Supplied material START

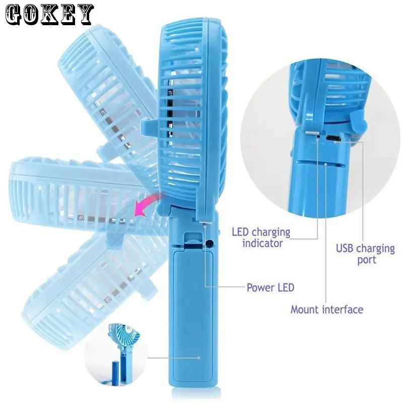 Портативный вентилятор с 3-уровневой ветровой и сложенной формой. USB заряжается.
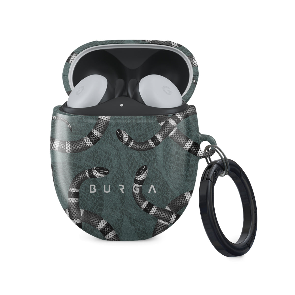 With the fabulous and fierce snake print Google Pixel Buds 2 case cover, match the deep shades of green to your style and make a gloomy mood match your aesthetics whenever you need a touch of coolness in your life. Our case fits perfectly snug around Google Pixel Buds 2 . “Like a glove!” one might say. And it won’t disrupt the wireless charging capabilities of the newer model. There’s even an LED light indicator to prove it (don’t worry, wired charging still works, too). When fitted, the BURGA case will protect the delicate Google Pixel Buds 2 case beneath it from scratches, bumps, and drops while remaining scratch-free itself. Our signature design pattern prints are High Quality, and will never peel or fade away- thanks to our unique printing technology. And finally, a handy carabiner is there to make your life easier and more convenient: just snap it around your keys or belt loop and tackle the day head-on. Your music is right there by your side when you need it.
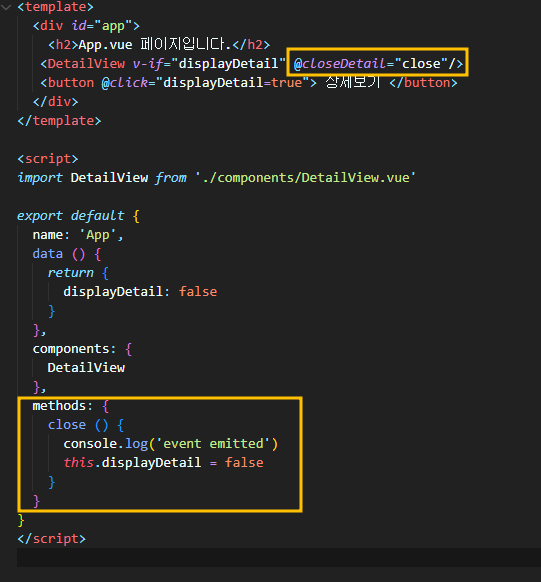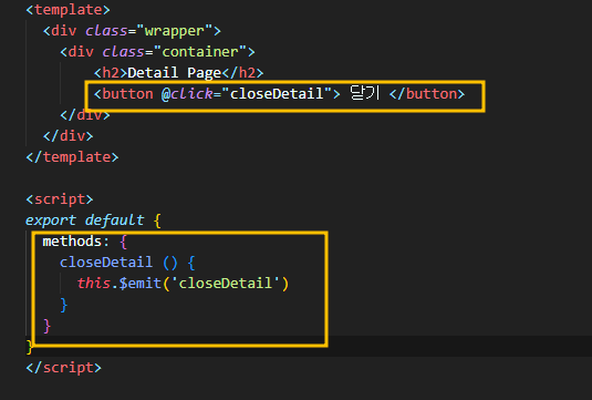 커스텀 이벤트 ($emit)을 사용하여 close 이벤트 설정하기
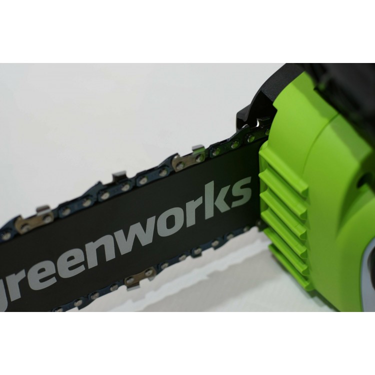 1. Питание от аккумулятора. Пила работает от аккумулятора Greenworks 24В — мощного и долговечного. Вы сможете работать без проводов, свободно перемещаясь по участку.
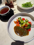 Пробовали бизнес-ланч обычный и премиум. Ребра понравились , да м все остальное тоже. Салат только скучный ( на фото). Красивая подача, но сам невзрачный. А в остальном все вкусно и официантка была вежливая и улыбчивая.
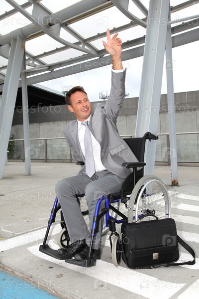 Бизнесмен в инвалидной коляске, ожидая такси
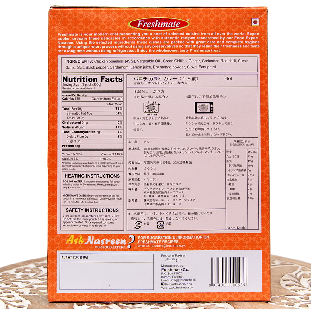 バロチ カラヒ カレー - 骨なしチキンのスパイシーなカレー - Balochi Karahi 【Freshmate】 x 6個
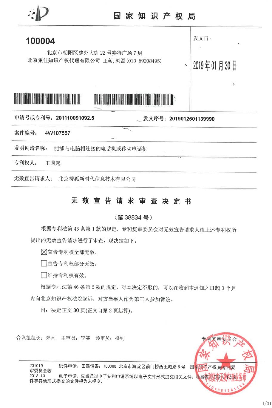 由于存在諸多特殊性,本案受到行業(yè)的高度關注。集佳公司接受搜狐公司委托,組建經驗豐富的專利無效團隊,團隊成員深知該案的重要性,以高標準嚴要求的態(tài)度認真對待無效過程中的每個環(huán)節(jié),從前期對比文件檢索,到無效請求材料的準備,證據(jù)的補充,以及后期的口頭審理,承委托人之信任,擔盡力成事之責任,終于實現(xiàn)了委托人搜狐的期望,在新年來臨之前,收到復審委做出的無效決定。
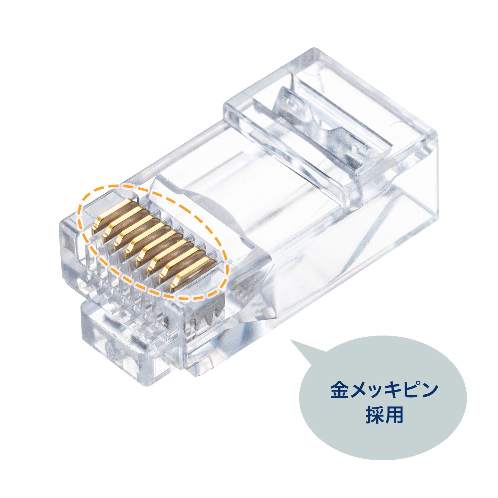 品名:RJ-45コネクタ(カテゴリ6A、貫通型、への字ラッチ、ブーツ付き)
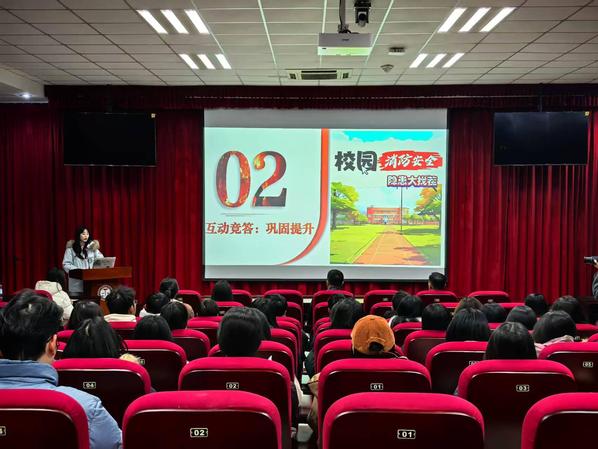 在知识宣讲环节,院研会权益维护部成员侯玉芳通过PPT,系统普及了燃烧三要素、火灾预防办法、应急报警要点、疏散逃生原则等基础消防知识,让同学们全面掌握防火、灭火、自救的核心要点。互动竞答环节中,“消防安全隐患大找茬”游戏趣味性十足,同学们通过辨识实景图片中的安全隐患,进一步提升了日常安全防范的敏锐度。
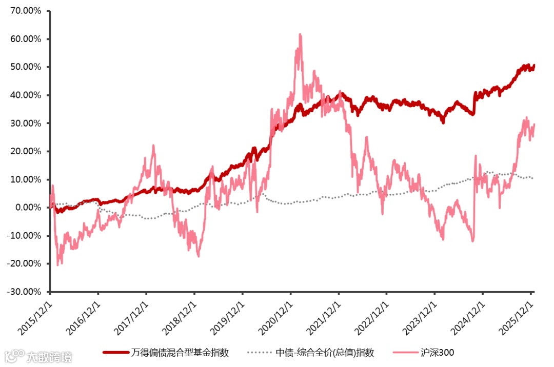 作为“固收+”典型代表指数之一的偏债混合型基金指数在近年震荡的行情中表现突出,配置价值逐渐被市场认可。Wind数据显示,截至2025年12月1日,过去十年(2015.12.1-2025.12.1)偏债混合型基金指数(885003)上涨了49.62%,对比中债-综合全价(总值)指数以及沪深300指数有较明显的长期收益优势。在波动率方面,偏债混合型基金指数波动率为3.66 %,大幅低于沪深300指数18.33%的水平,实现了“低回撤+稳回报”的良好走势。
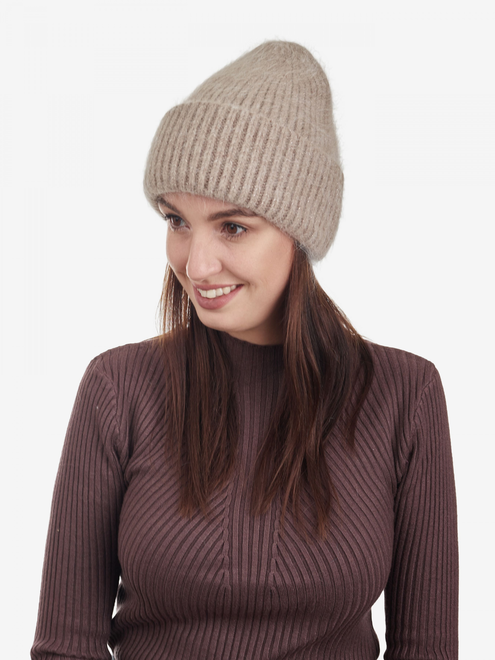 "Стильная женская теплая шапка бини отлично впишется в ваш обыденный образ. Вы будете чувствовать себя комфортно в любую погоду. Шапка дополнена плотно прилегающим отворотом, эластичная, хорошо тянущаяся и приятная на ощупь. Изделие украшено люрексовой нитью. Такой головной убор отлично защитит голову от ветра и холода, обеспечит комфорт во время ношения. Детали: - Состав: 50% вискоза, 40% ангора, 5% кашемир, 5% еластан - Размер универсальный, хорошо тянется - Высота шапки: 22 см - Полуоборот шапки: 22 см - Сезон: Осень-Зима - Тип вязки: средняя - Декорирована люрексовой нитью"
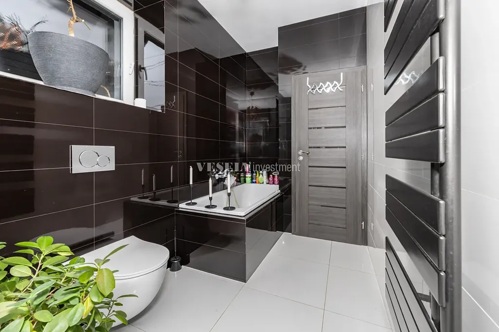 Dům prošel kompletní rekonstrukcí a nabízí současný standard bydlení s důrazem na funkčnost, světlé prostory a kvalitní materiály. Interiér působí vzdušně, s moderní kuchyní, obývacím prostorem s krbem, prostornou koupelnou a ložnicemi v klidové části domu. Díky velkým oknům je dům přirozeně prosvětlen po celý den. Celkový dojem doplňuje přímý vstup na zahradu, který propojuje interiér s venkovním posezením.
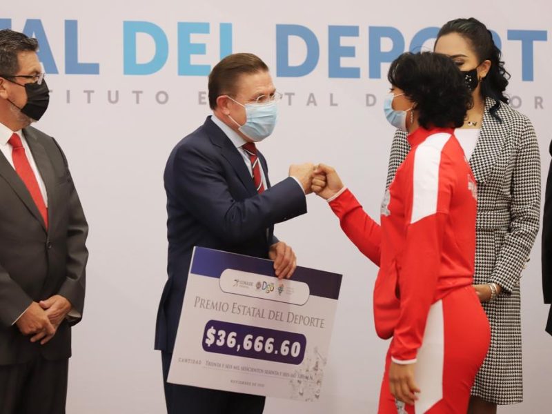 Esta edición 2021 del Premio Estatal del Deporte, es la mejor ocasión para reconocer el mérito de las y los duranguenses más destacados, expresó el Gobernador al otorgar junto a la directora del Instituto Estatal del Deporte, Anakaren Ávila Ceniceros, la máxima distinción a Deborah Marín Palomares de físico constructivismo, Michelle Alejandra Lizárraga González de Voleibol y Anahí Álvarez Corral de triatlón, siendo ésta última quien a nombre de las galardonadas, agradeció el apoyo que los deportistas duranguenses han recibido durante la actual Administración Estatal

Supplied material END
Supplied material START

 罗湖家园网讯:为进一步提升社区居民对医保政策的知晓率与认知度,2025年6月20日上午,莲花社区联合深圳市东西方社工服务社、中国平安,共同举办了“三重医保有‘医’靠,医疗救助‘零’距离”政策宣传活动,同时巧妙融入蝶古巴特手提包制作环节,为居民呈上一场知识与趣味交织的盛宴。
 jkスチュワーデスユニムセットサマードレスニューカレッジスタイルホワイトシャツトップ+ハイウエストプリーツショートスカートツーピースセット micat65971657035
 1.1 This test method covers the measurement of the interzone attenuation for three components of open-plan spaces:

Supplied material END
Supplied material START

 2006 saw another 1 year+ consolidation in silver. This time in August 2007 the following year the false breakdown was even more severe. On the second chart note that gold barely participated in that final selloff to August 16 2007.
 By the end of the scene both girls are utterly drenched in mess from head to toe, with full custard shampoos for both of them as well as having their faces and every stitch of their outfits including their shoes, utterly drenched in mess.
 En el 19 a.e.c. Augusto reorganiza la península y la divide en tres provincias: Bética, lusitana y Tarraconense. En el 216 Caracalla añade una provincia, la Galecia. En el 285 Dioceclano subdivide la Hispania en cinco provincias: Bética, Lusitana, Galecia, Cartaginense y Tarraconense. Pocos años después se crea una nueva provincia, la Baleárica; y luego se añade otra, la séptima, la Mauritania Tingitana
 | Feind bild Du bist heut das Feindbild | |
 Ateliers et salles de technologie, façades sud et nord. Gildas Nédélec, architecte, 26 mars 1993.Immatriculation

Supplied material END

Copy only this from above: the line containing "Портативный вентилятор с", the line containing "1. Питание от", and all lines between, printed exactly. Leave out the pictures.

 Портативный вентилятор с 3-уровневой ветровой и сложенной формой. USB заряжается.
 With the fabulous and fierce snake print Google Pixel Buds 2 case cover, match the deep shades of green to your style and make a gloomy mood match your aesthetics whenever you need a touch of coolness in your life. Our case fits perfectly snug around Google Pixel Buds 2 . “Like a glove!” one might say. And it won’t disrupt the wireless charging capabilities of the newer model. There’s even an LED light indicator to prove it (don’t worry, wired charging still works, too). When fitted, the BURGA case will protect the delicate Google Pixel Buds 2 case beneath it from scratches, bumps, and drops while remaining scratch-free itself. Our signature design pattern prints are High Quality, and will never peel or fade away- thanks to our unique printing technology. And finally, a handy carabiner is there to make your life easier and more convenient: just snap it around your keys or belt loop and tackle the day head-on. Your music is right there by your side when you need it.
 커스텀 이벤트 ($emit)을 사용하여 close 이벤트 설정하기
 1. Питание от аккумулятора. Пила работает от аккумулятора Greenworks 24В — мощного и долговечного. Вы сможете работать без проводов, свободно перемещаясь по участку.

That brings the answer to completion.